Yes, @BoomBoomsCousin has it. And if the tables were turned, many here would recommend you did the same. There are quite a few questions that have been repeatedly asked and you gave avoided, particularly to do with whether your children contribute to the household or not or even pay for some of their own things that in the past you paid for. This makes it look like you don’t want to talk about it because it would show you have less financial commitments than you are making out. This might not be the case at all but you can’t get mad at posters not knowing everything if you don’t give much away.

But what it does mean, and hopefully the most important outcome of this thread, is that there is more that you are able to save to get your own foot on the property ladder and provide yourself with a safety net.

WetF1reDay82942 · 09/05/2021 01:51

I don't understand why you don't pay 50/50 of the household bills ?
You should pay for your children
He should pay for his children
He made it clear that the property remains his & I assume would pass to his children

Legally you are both single
So you have no entitlement to his property or money, pension, savings & the same for him

Do you have a pension or savings ?

therearenogoodusernamesleft · 09/05/2021 02:06

So the money you used to pay on rent before you moved in with him...where is that going?

Rmka · 09/05/2021 02:45

You entered this relationship with certain future in mind, but it sounds like everything is on your partner's terms. That's what you should focus on changing. It sounds like he has some serious trust issues after his divorce. Did anything happen between you? Is this a happy relationship? Did you discuss marriage at any point after moving in?
I don't think putting money aside for you is a solution as it creates even more distrust. You need to think what you want from this relationship and what you're willing to give up. And if you stay in the same position as you are now just be straight about your finances. Tell him you need to start saving to secure your future. If it means you contribute less to the house cost I think he should understand - he loves you so he should want you to be safe in case anything happens to him. He's protecting his assets so he should at least enable you to get some assets of your own.

meditrina · 09/05/2021 06:32

You're not an ungrateful freeloader.

But you cannot expect the benefits of a legal contract when you have not entered that contract.

You decided to live with him on his terms. You need to own that choice. And if you re going to leave him, it has to be from a position of what you have as an unmarried person. Which is what you earn and what you own.

We'd all like a time machine to go back and put right our mistakes. You may well things that a number if the steps towards surrendering your financial independence are things you would like to change.

But you can't do that. You need to find a way to go forwards from the situation your choices have led to.

You said you can now afford to save some money, that's good. Have you worked out what you need in order to be able to leave, if that is what you choose next? How much for a rental deposit? What do rents cost in the places you'd like to live?

Even when it seems daunting, starting to plan gives you back some control. And breaking down what you need to do, and starting to do it will make it less daunting.

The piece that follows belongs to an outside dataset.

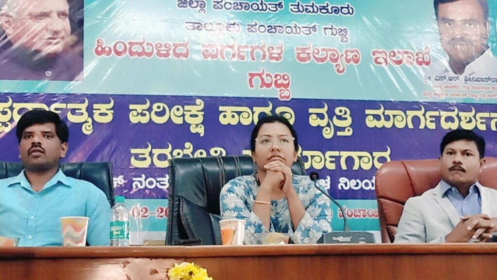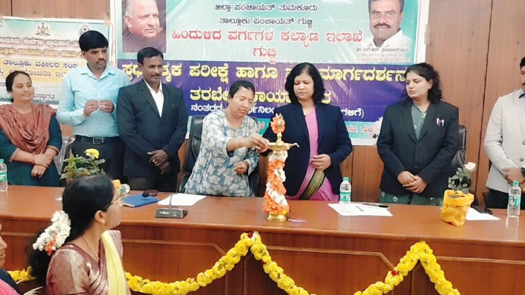 ಪಟ್ಟಣದ ತಾಲೂಕು ಪಂಚಾಯಿತಿ ಸಭಾಂಗಣದಲ್ಲಿ ಹಿಂದುಳಿದ ವರ್ಗಗಳ ಕಲ್ಯಾಣ ಇಲಾಖೆ, ತಾಲೂಕು ಕಚೇರಿ, ಪಟ್ಟಣ ಪಂಚಾಯಿತಿ, ತಾಲೂಕು ವಕೀಲರ ಸಂಘ, ತಾಲೂಕು ಕಾನೂನು ಸೇವಾ ಸಮಿತಿ ಹಾಗೂ ಅಭಿಯೋಜಕರ ಇಲಾಖೆ ವತಿಯಿಂದ ಏರ್ಪಡಿಸಿದ್ದ ಸ್ಪರ್ಧಾತ್ಮಕ ಪರೀಕ್ಷೆ ಹಾಗೂ ವೃತ್ತಿ ಮಾರ್ಗದರ್ಶನ ತರಬೇತಿ ಕಾರ್ಯಗಾರಕ್ಕೆ ಚಾಲನೆ ನೀಡಿ ಮಾತನಾಡಿದ ಅವರು, ಪಿಯುಸಿ ಹಂತದಲ್ಲಿ ವಿದ್ಯಾರ್ಥಿಗಳು ಮನಸ್ಸನ್ನು ಹಿಡಿತದಲ್ಲಿ ಇಟ್ಟುಕೊಂಡು ಯಾವುದೇ ದುಶ್ಚಟಗಳಿಗೆ ಬಲಿಯಾಗದೆ ನಿರಂತರ ಅಭ್ಯಾಸದಲ್ಲಿ ತೊಡಗಿದಾಗ ಸಮಾಜದಲ್ಲಿ ಜವಾಬ್ದಾರಿಯುತ ವ್ಯಕ್ತಿಯಾಗಬಹುದು. ಹೆಣ್ಣು ಮಕ್ಕಳು ತಾಳ್ಮೆಯಿಂದ ಹಿರಿಯರ ಮಾರ್ಗದರ್ಶನ ಪಡೆದು ವಿದ್ಯಾಭ್ಯಾಸ ಮಾಡಿ ಗುರಿ ಸಾಧನೆಯತ್ತ ಹೆಜ್ಜೆ ಇಡಬೇಕು.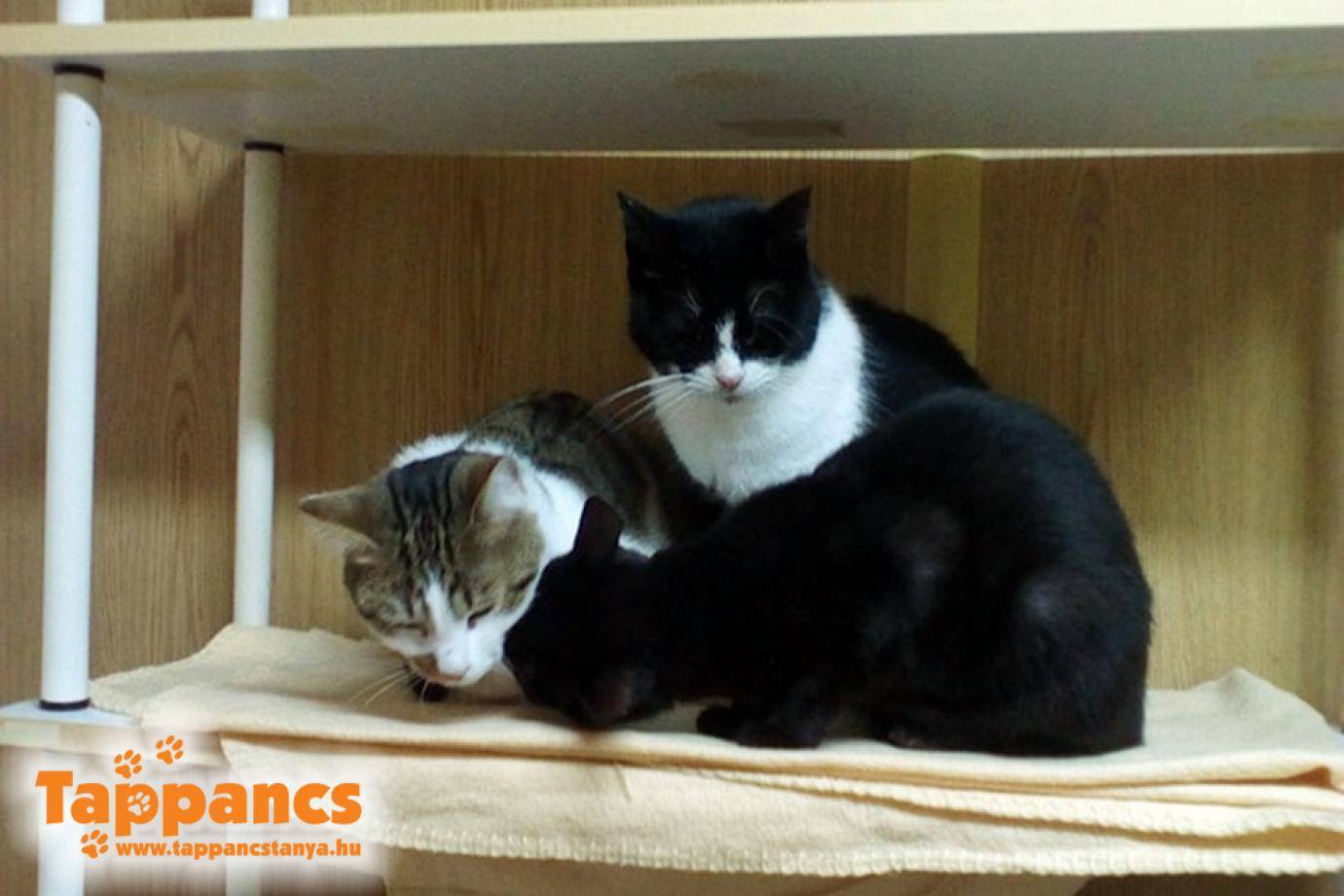 Ahogy Táncos átesett az első komolyabb simogatáson, azóta elkezdte bontogatni szárnyait. Sokkal inkább érdeklődő és közeledik, pontosan nem is tudom leírni mit tapasztalunk vele, de más, nyitottabb. Nah, azért nyílt terepen nem alél el ha megsimítjuk, de az őrült menekvés nem szerepel a repertoárban, inkább csak arrébb lép egyet. Icuval közösen láttuk el őket, így dupla figyelmet tudtunk szentelni nekik. Ezen felbuzdulva még Cakkos is beadta a derekát. Mint egy cápa, úgy köröz az ember körül, mert a szíve mélyén ő is igényli és akarja a törődést. Ha rászánja magát, megáll és akkor meg lehet vakarászni pofiját és puha bundácskáját, most több esetben is élt a lehetőséggel. Ilyenkor olyan büszkék vagyunk rájuk, nem győzzük csodálni hihetetlen bátorságukat és szinte gügyögve áradozunk szépségükről.

SimonJT · 09/05/2021 07:38

@neveradullmoment99

Oh yes and stop paying 75% of the outgoings. He is definitely taking the piss.
So if you had a partner with two adult children who weren’t yours, would you be taking the piss if you paid the mortgage, council tax etc, while he paid for 75% of the utilities and food?

How much would you need to reduce his contribution by so you weren’t taking the piss?

SimonJT · 09/05/2021 07:41

@FrangipaniBlue

he pays his mortgage and we split the bills with me paying 75% and him 25%

Why on earth would you agree to this????

I can understand him wanting to pay the mortgage himself so that it is his house if it is part of an inheritance arrangement, but you should have been splitting the "living costs" 50:50 and using some of your money to build your own safety net!

If you lived with a partner and their two adult children would you only charge them 50% of utilities and food, despite them ‘causing’ 75% of the cost?
wdmtthgcock · 09/05/2021 07:53

How much are you earning if the 600 pounds plus the other mysterious joint expenses you are paying for means that you have nothing left to save at the end of the month?

NoSquirrels · 09/05/2021 08:02

@freerunner75 since 2017 you have asked a few questions on MN about finances and the blended family where posters told you your DP doesn’t see your situation the same way you do. Please stop considering yourself as if this relationship is a marriage, please change what you are responsible for paying into the household pot (if you can’t afford to save as well as ‘joint interests’ then saving is more important) and please understand what your DP has been crystal clear on all along - he will not financially support you at all. So start thinking very very clearly yourself about who benefits for what you pay for. If the household bills are too high because he watches Sky with all the bells & whistles, say you’d choose not to pay for that etc.

You’ve just got this vision of him as supportive partner and head of the family, but he’s consistently disappointed you on being generous financially despite his huge earnings compared to you, and doesn’t see his role or the relationship in the same way.

Protect yourself.

Lampan · 09/05/2021 08:02

Did he take legal advice before buying the house at an ‘extremely low rate’ from family? It could cause problems down the line.

PerseverancePays · 09/05/2021 08:18

As12 years has passed, time to review your financial contributions and plans. If you want the security of property , factor in saving for a deposit for a buy to let, factor in your pension. Make a proper financial plan for yourself now that you are earning more and your children are older and crack on. Let go of the resentment because it’s clouding your judgement.

agreatmistake · 09/05/2021 08:23

If you'd been on your own for the last 12 years, what financial position would be in now? What has been the impact of this relationship?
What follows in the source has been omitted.